PRIVATE FIRST CLASS TRINIDAD M. LOPEZ II
U.S. MARINE CORPS
Private First Class Trinidad M. Lopez was a U.S. Marine who received a Silver Star and Purple Heart for his bravery in the Korean War.
Lopez grew up in Dallas. He had two older half-brothers from his father’s previous marriage: Vicente and another sibling named Trinidad (nicknamed “Trini”). As is common in many Chicano families, their father gave identical names to two different sons.
On September 18, 1950 Lopez served as an Automatic Rifleman of Company A, First Battalion, Fifth Marines, First Marine Division (Reinforced). While acting as flank security advancing along the mountains of Seoul-Inchon Highway, Lopez spotted three armed enemies targeting his company.
As described by his brother Vicente Lopez, Private First Class Lopez saw the North Koreans “hiding with a fifty-caliber machine gun . . . waiting to ambush the Americans.”
After delivering one round, Lopez’s weapon jammed. At that point, according to the Secretary of the Navy, Lopez “threw his gun at the enemy and engaged them in hand-to-hand-combat.” He successfully pounced on them, paving the way for their demise.
“I was scared; too scared to run,” Lopez told The Dallas Times-Herald in a 1951 interview. “I used a flying tackle–just like in the movies, and then started kicking their heads.”
Other members of Lopez’s squad rushed to his aid shortly thereafter, taking out the enemy combatants.
“Because of his efforts, the enemy was unable to man their weapon, which was about to ambush his company,” explains “Trini,” Lopez’s other half-brother. “I was very proud of him and still am today.”
Lopez’s mother, Nora, was especially proud. “It’s not every soldier that wins the nation’s third-highest award,” she had pointed out to The Herald.
The U.S. military credited Lopez with “quick initiative and bold action,” and further honored Lopez for “his indomitable fighting spirit, personal courage and staunch devotion to duty in the face of great personal risk . . .”
“It would have been very easy to stay there hiding but he knew his buddies were in trouble,” says Trini. The courageous Private Lopez “had nothing else on his mind but trying to help his friends.”

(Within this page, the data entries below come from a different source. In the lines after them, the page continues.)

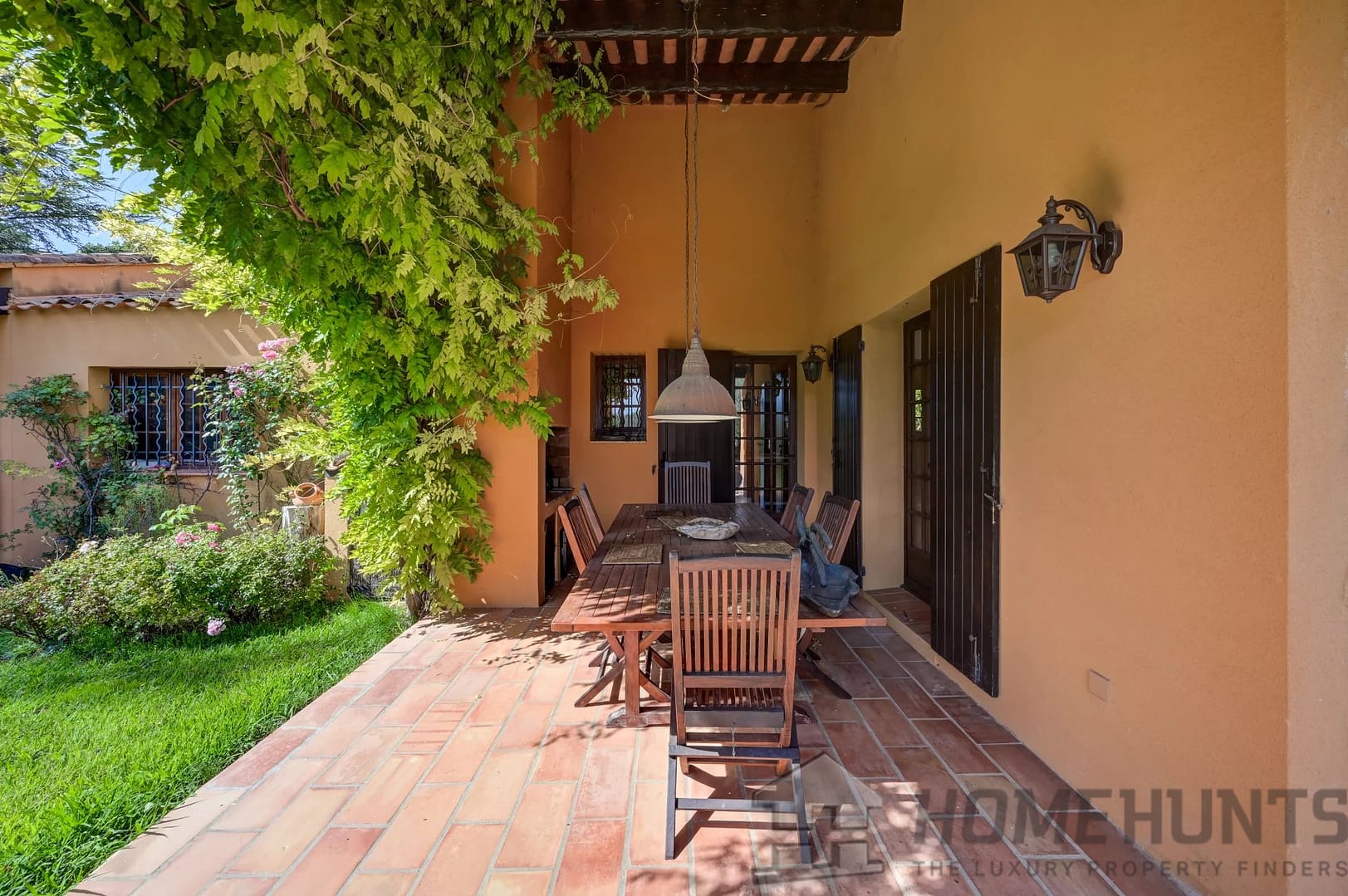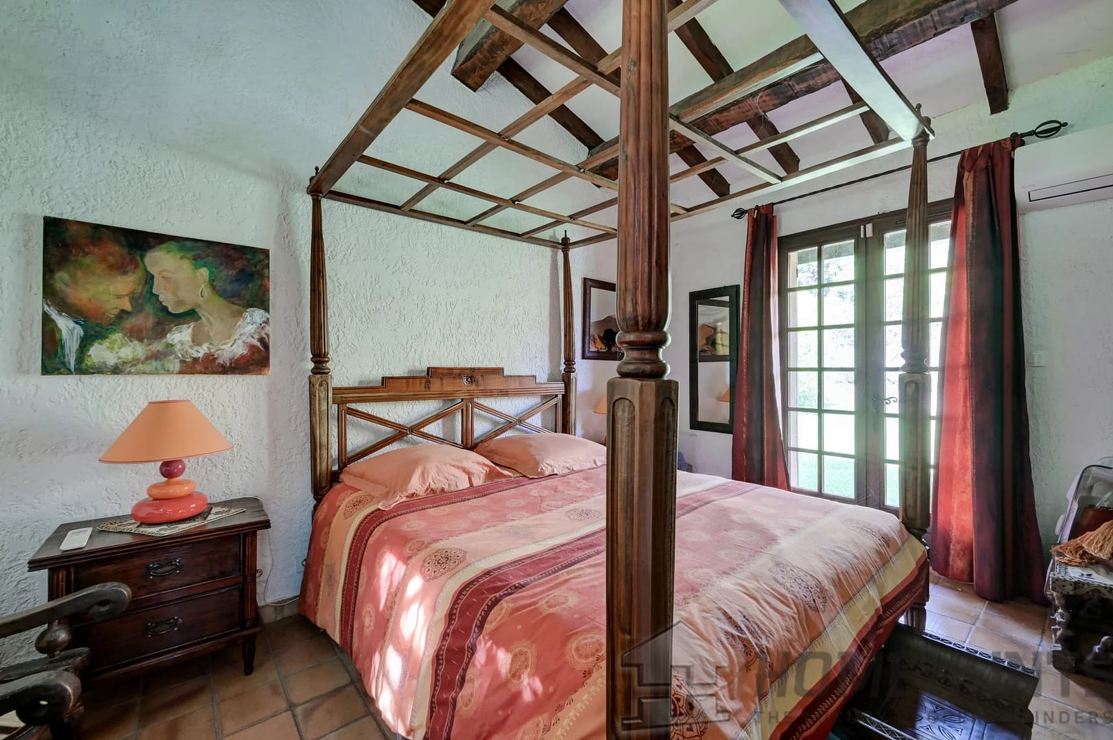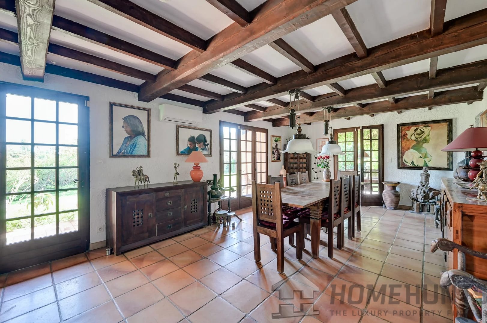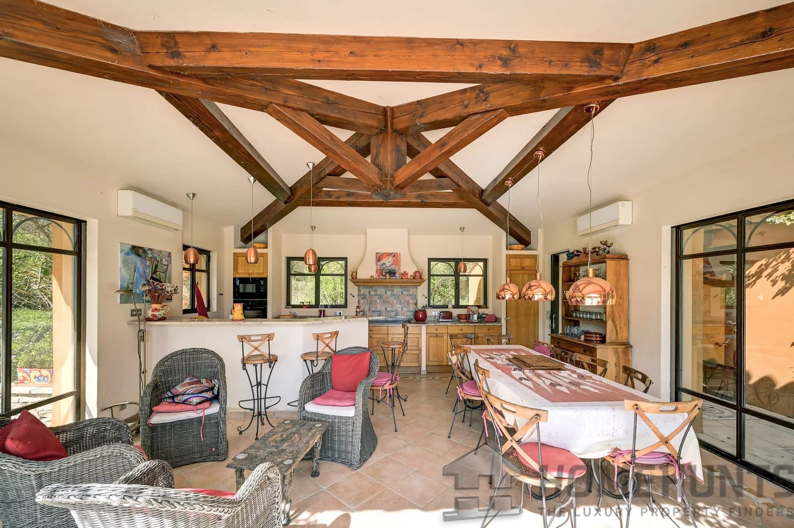 The main house spans approximately 250 m2 and combines Provencal charm with generous spaces: bright double living room, cosy fireplace lounge with covered terrace, fully equipped kitchen, two ground-floor bedrooms with bathroom, plus two upstairs bedrooms with bathroom, office, and panoramic terrace.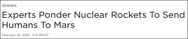 基于这些观点,他向NASA提议加大核动力火箭的研究投入。“如果我们想要在2039年实现载人登陆火星,就必须大幅增加核动力火箭的研究资金。”迈尔斯说。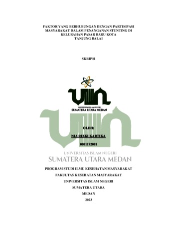 KARTIKA, NIA RIZKI (2022) FAKTOR YANG BERHUBUNGAN DENGAN PARTISIPASI MASYARAKAT DALAM PENANGANAN STUNTING DI KELURAHAN PASAR BARU KOTA TANJUNG BALAI. Skripsi thesis, UNIVERSITAS ISLAM NEGERI SUMATERA UTARA.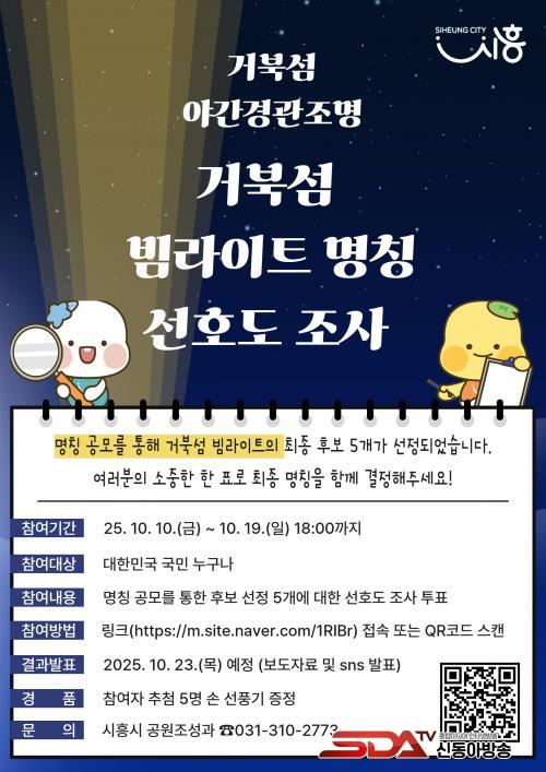 [½Åµ¿¾Æ¹æ¼Û ½ÃÈï½Ã=À̽ŵ¿±âÀÚ] ½ÃÈï½Ã´Â ¿À´Â 10¿ù 10ÀϺÎÅÍ 19ÀÏ ¿ÀÈÄ 6½Ã±îÁö ¡®°ÅºÏ¼¶ ¾ß°£°æ°üÁ¶¸í(ºö¶óÀÌÆ®)¡¯ÀÇ ¸íĪ °ø¸ð ¼±È£µµ Á¶»ç¸¦ ÁøÇàÇÑ´Ù. ½Ã´Â À̹ø ¼±È£µµ Á¶»ç °á°ú¸¦ ¹Ý¿µÇØ ÃÖÁ¾ ¸íĪÀ» ¼±Á¤ÇÑ´Ù.

In November 1950, Lopez sustained a mortar wound in his right arm as well as two frozen toes. He had been assigned to the Chosin Reservoir area two months after his initial heroic act.
Trini calls his like-named sibling, “a brave man, with big huevos, as we call them.” He and Vicente add that their youngest sibling suffered physical wounds unrelated to that first incident, additionally earning him the Purple Heart.
When Lopez returned home from the war, remembers Vicente, the young man was fortunate enough to find a good job yet his memories and emotional wounds from the war “left a toll on his soul” that followed him for the rest of his life. Vicente regrets that this sadness haunted his half-brother, whom he lauds as “such a nice man with a big heart.”
Lopez died in 1983 at the age of 52 from liver complications. He was buried in his hometown of Dallas, memorialized by surviving family members in a private funeral ceremony with full military honors.